=== YOUR GOAL ===
Beginning with the line below that contains "Selain itu, Pakta" and ending with the line that contains "Broj rubova: 5", copy every line exactly. Copy nothing else.

=== GIVEN RECORDS ===
================

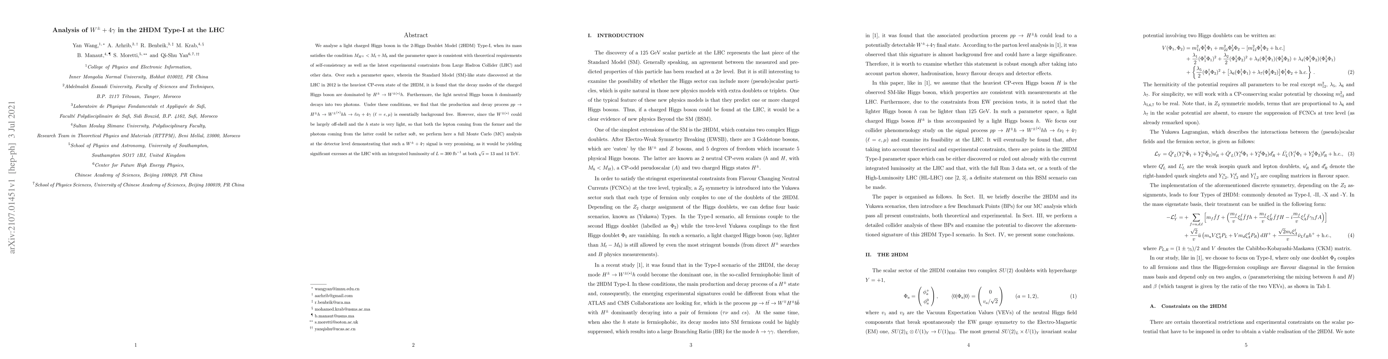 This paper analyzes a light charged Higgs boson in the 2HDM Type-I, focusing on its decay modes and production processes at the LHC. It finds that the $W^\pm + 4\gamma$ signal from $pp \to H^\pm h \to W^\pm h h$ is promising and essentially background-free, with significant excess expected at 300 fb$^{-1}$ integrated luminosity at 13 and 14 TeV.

================

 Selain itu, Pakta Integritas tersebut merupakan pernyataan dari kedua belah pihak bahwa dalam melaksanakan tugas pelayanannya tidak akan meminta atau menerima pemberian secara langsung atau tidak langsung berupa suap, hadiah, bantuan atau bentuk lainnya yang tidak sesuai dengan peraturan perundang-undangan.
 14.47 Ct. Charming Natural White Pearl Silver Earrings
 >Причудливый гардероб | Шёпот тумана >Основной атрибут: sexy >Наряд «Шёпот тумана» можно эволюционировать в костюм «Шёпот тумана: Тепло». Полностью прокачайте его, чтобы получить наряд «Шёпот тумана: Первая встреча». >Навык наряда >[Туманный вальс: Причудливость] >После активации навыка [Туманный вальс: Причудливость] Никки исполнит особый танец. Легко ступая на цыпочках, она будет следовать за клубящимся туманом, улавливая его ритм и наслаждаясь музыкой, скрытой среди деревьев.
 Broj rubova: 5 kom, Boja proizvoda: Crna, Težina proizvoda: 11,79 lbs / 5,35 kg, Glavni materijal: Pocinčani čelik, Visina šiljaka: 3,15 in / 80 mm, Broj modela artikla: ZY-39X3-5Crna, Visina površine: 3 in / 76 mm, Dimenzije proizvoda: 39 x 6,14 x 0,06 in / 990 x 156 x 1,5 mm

================

=== RESPONSE TO THIS TASK ===
 Selain itu, Pakta Integritas tersebut merupakan pernyataan dari kedua belah pihak bahwa dalam melaksanakan tugas pelayanannya tidak akan meminta atau menerima pemberian secara langsung atau tidak langsung berupa suap, hadiah, bantuan atau bentuk lainnya yang tidak sesuai dengan peraturan perundang-undangan.
 14.47 Ct. Charming Natural White Pearl Silver Earrings
 >Причудливый гардероб | Шёпот тумана >Основной атрибут: sexy >Наряд «Шёпот тумана» можно эволюционировать в костюм «Шёпот тумана: Тепло». Полностью прокачайте его, чтобы получить наряд «Шёпот тумана: Первая встреча». >Навык наряда >[Туманный вальс: Причудливость] >После активации навыка [Туманный вальс: Причудливость] Никки исполнит особый танец. Легко ступая на цыпочках, она будет следовать за клубящимся туманом, улавливая его ритм и наслаждаясь музыкой, скрытой среди деревьев.
 Broj rubova: 5 kom, Boja proizvoda: Crna, Težina proizvoda: 11,79 lbs / 5,35 kg, Glavni materijal: Pocinčani čelik, Visina šiljaka: 3,15 in / 80 mm, Broj modela artikla: ZY-39X3-5Crna, Visina površine: 3 in / 76 mm, Dimenzije proizvoda: 39 x 6,14 x 0,06 in / 990 x 156 x 1,5 mm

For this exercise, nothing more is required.